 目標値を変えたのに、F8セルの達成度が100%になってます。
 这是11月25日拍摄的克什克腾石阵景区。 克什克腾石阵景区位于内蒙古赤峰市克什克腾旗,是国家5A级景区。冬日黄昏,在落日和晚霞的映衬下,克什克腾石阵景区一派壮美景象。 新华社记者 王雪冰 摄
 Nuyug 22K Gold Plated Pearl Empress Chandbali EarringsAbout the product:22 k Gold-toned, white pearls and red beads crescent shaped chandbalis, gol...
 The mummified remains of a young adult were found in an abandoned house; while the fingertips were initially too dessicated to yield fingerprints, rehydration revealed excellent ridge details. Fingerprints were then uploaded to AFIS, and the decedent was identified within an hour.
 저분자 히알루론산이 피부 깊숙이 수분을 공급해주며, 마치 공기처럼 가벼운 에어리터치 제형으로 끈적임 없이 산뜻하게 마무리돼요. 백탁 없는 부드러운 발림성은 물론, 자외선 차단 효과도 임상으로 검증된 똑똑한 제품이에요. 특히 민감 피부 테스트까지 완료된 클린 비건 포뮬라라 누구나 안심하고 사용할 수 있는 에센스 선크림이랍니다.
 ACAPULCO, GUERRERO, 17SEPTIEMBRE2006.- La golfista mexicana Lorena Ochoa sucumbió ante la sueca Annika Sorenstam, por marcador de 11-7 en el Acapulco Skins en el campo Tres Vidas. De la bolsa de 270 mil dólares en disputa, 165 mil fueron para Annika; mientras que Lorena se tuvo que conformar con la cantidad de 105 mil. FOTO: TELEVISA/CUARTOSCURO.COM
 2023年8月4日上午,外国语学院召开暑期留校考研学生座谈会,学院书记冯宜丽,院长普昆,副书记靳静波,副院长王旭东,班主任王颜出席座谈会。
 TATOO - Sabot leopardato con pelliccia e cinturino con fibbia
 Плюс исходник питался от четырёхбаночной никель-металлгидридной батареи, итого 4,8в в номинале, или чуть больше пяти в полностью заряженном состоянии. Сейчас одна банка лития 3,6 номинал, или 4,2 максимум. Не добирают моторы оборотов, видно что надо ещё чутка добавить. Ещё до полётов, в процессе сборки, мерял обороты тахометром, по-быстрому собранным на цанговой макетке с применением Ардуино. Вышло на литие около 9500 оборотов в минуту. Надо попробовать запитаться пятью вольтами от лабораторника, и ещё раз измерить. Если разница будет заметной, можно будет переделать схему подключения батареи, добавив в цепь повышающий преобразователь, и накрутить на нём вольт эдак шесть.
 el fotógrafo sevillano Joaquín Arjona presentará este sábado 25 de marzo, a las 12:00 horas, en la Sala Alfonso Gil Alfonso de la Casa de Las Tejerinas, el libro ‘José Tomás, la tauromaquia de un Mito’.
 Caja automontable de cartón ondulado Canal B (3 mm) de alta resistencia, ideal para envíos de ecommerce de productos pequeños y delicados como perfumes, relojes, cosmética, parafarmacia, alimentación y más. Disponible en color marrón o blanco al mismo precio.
○ ○ ○
Problem description> The line containing "The mummified remains" marks the end: copy exactly every line from the top of the data above down to it, that line included.

Response to this exercise>
 目標値を変えたのに、F8セルの達成度が100%になってます。
 这是11月25日拍摄的克什克腾石阵景区。 克什克腾石阵景区位于内蒙古赤峰市克什克腾旗,是国家5A级景区。冬日黄昏,在落日和晚霞的映衬下,克什克腾石阵景区一派壮美景象。 新华社记者 王雪冰 摄
 Nuyug 22K Gold Plated Pearl Empress Chandbali EarringsAbout the product:22 k Gold-toned, white pearls and red beads crescent shaped chandbalis, gol...
 The mummified remains of a young adult were found in an abandoned house; while the fingertips were initially too dessicated to yield fingerprints, rehydration revealed excellent ridge details. Fingerprints were then uploaded to AFIS, and the decedent was identified within an hour.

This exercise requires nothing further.